Sebagian besar waktu, pasien tidak menyadari infeksi. Gejalanya terlihat pada orang dengan sistem kekebalan yang sangat lemah. Organ yang umumnya terkena adalah mata, paru-paru, otak, dan hati. Seluruh tubuh dipenuhi dengan peradangan yang parah dan menyakitkan. Gejala awal berkembang dalam 5 hingga 12 hari setelah terpapar virus. Pembentukan lepuh kecil muncul dalam bentuk cluster diamati. Mereka diisi dengan air dan mungkin berakhir berdarah dan menginfeksi daerah sekitarnya. Lepuh sangat menyakitkan dan menyebabkan demam. Kelenjar getah bening cenderung membengkak saat infeksi menyebar.

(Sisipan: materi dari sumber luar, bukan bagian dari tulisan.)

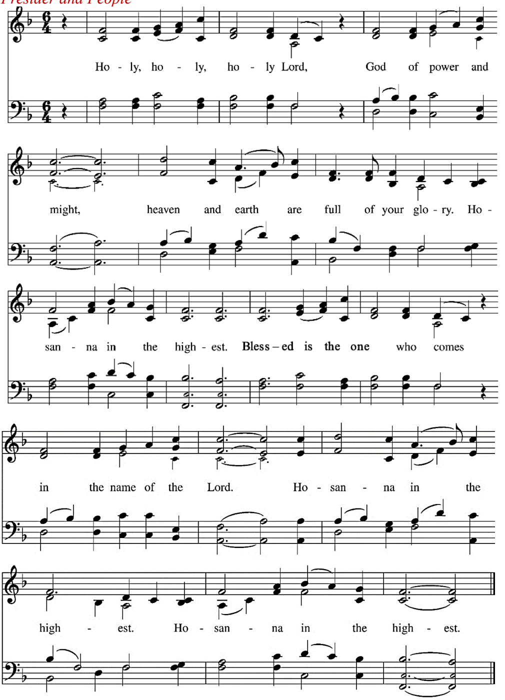
Presider and People

SANCTUS Wonder, Love, and Praise 858 (Land of Rest)

Kulit yang rusak berkembang menjadi infeksi bakteri sekunder. Menggigil dan malaise juga merupakan gejala yang signifikan. Dalam waktu 7 hingga 10 hari setelah kondisi tersebut berkembang, ada bercak-bercak baru yang terbentuk di sekitar tubuh. Bercak ini terinfeksi streptokokus atau stafilokokus. Saat infeksi menyebar, lesi berisi nanah dan menjadi berkerak. Mereka mulai berdarah, jika tidak diobati sedini mungkin.

Komplikasi

Jika seseorang tidak segera mencari pengobatan, itu dapat menyebabkan banyak komplikasi parah. Karena infeksi ini dapat menyebar ke mata, itu akan menyebabkan jaringan parut, menyebabkan kebutaan. Jika kondisi tersebut mengarah pada infeksi sistemik, maka dapat menyebabkan kerusakan organ dalam. Kerusakan ini dapat berubah menjadi kondisi yang mengancam jiwa. Infeksi tersebut membuat kulit rentan terhadap infeksi Staphylococcus aureus . Hal ini membuat kondisi pasien menjadi sangat serius dan pengobatan menjadi sangat sulit.

Perlakuan

Diagnosis dini agak rumit karena gejala awal terlihat seperti kasus eksim yang buruk. Namun, dengan tes diagnostik tertentu, dokter mungkin dapat mendiagnosis kondisi tersebut. Kondisi kulit ini mengharuskan seseorang dirawat di rumah sakit. Dokter mungkin meresepkan obat antivirus seperti asiklovir dan valasiklovir untuk pengobatan. Dalam kasus pasien immunocompromised, foscarnet mungkin disarankan. Dalam kasus infeksi bakteri sekunder, antibiotik juga dapat disarankan.

Apa ini menular?

Eksim herpetikum menular karena virus penyebab herpes simpleks bersifat menular. Pasien ditempatkan di bangsal isolasi, dan diberikan obat antivirus untuk mengendalikan infeksi.

Jika seseorang didiagnosis dengan kondisi tersebut, sangat penting untuk tidak menggaruk daerah yang terkena, karena akan menyebabkan infeksi bakteri sekunder. Rumah harus disedot secara teratur untuk menghindari debu dan tungau. Mandi dengan air suam-suam kuku dan tidak tinggal di air untuk waktu yang lama. Hindari penggunaan bahan kimia, deterjen, sabun, dan pewangi pada kulit. Ambil semua obat dan tindakan pencegahan seperti yang disarankan oleh dokter. Dengan tidak adanya perhatian yang tepat, situasinya bisa berakibat fatal.

Penafian: Artikel Ini ini dimaksudkan untuk tujuan informasi saja, dan tidak boleh dianggap sebagai pengganti saran medis ahli.